• [Aim of the exercise] Please transcribe exactly the line that holds "意味不明あだ名 | 『ペロリンばいおれっとさふぁいあ』 |" and all lines that follow it to the end of the records below, omitting any pictures.

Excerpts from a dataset
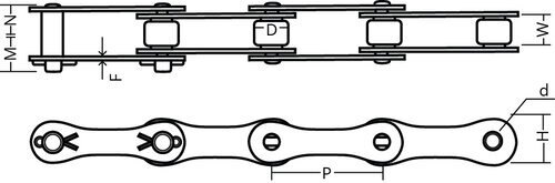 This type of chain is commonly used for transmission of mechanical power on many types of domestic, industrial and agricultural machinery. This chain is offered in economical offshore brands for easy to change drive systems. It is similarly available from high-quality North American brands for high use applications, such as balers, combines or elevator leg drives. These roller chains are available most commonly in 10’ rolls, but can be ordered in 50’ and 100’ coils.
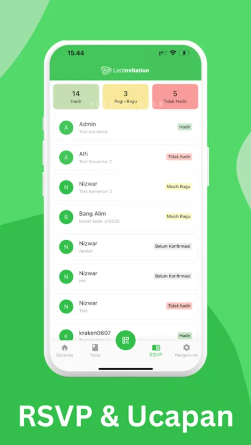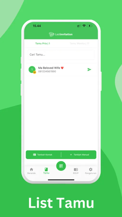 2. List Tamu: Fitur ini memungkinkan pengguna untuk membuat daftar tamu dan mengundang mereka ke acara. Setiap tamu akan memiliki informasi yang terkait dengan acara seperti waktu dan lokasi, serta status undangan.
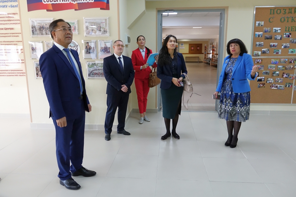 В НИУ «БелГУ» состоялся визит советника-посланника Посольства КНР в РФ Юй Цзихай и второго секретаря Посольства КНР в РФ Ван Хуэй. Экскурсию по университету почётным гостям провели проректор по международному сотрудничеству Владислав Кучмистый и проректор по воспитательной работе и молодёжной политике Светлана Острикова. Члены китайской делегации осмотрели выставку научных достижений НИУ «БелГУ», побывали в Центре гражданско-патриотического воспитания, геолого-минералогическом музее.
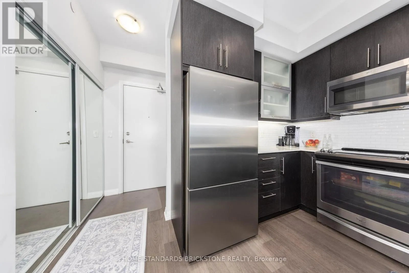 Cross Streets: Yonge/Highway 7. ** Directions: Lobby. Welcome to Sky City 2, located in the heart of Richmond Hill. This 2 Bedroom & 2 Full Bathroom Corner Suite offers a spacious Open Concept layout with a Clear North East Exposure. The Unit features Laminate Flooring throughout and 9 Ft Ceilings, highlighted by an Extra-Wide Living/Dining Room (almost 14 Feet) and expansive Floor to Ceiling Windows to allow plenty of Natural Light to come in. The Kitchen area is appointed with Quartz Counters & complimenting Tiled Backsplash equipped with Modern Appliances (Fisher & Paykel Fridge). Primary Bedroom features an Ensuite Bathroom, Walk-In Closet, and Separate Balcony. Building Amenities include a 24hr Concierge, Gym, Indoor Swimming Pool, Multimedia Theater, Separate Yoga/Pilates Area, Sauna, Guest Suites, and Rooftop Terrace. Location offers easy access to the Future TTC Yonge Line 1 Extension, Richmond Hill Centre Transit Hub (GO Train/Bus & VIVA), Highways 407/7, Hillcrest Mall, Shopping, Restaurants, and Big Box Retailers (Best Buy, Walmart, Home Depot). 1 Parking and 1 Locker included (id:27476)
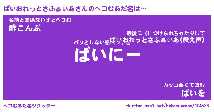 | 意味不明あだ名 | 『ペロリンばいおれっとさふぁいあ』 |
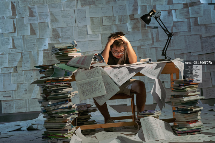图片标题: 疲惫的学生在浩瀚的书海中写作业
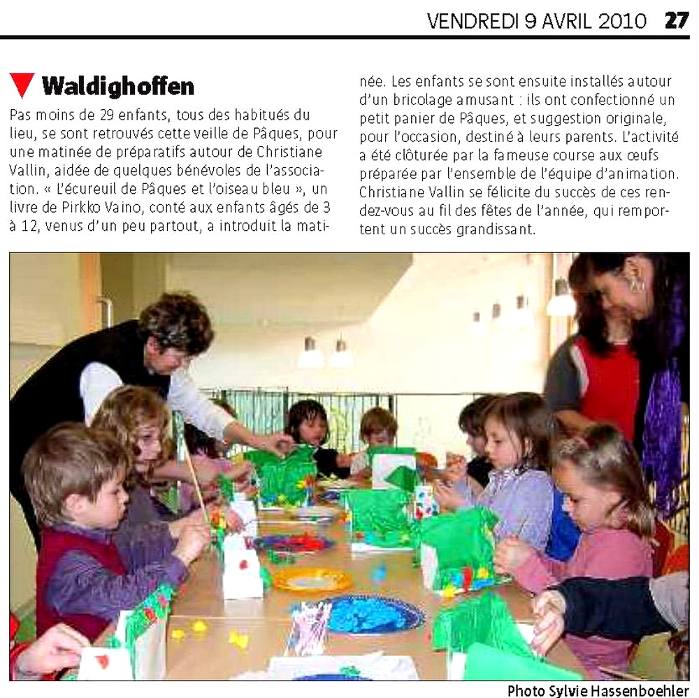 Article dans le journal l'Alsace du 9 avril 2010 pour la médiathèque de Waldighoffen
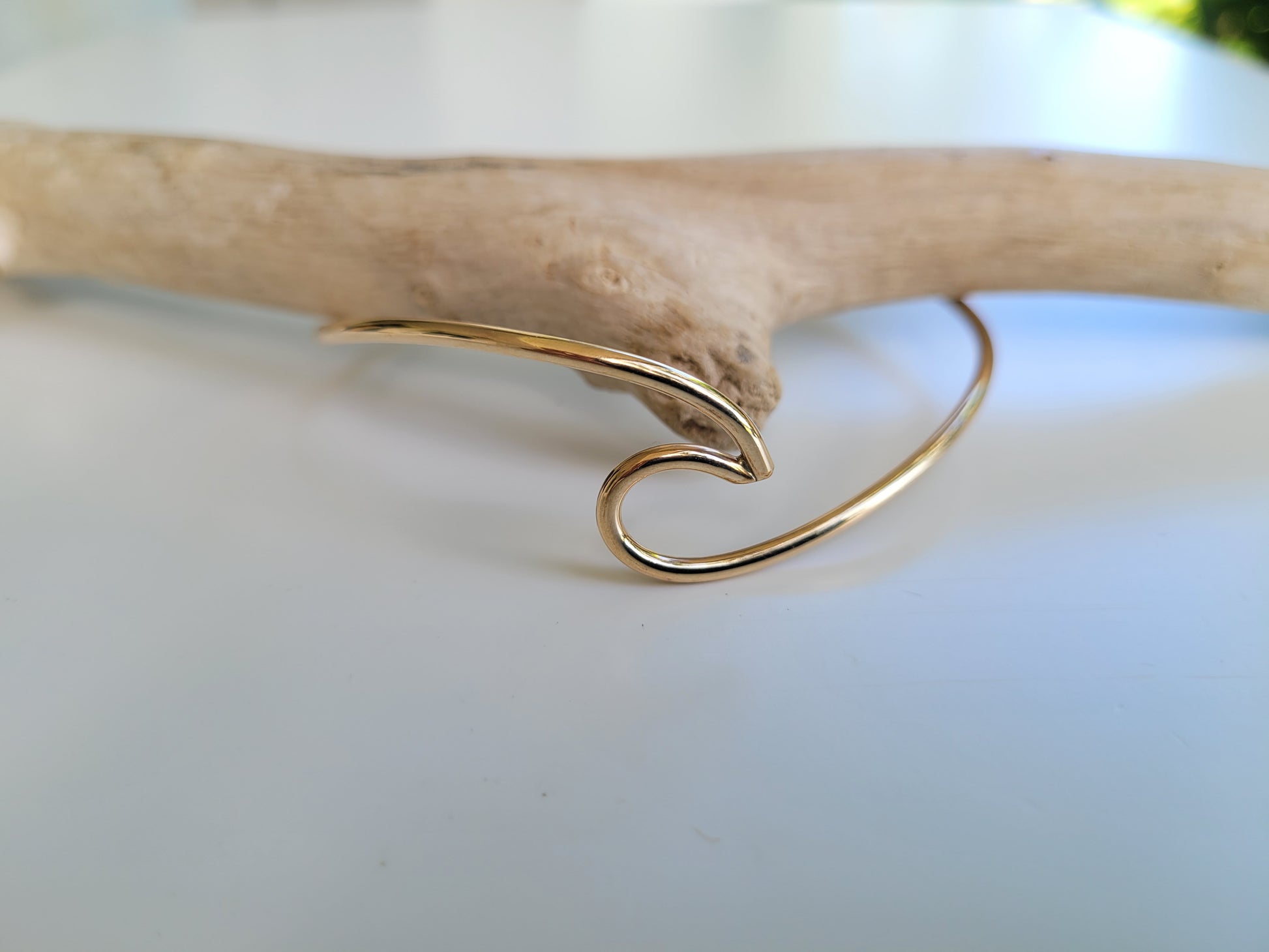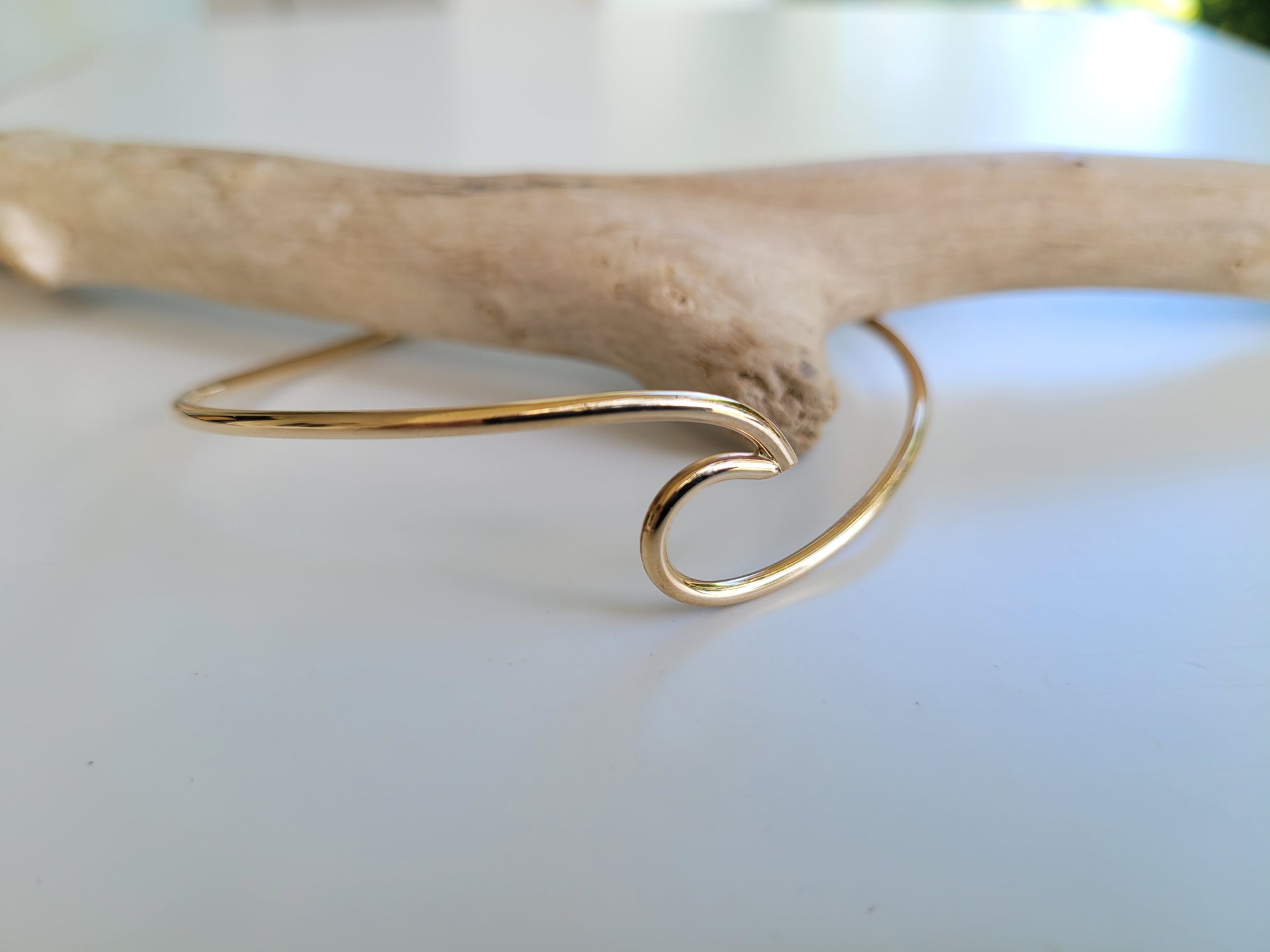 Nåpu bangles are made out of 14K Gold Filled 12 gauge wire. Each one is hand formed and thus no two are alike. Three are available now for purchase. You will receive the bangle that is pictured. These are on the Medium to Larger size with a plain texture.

• [Exercise result]
 | 意味不明あだ名 | 『ペロリンばいおれっとさふぁいあ』 |
图片标题: 疲惫的学生在浩瀚的书海中写作业
 Article dans le journal l'Alsace du 9 avril 2010 pour la médiathèque de Waldighoffen
 Nåpu bangles are made out of 14K Gold Filled 12 gauge wire. Each one is hand formed and thus no two are alike. Three are available now for purchase. You will receive the bangle that is pictured. These are on the Medium to Larger size with a plain texture.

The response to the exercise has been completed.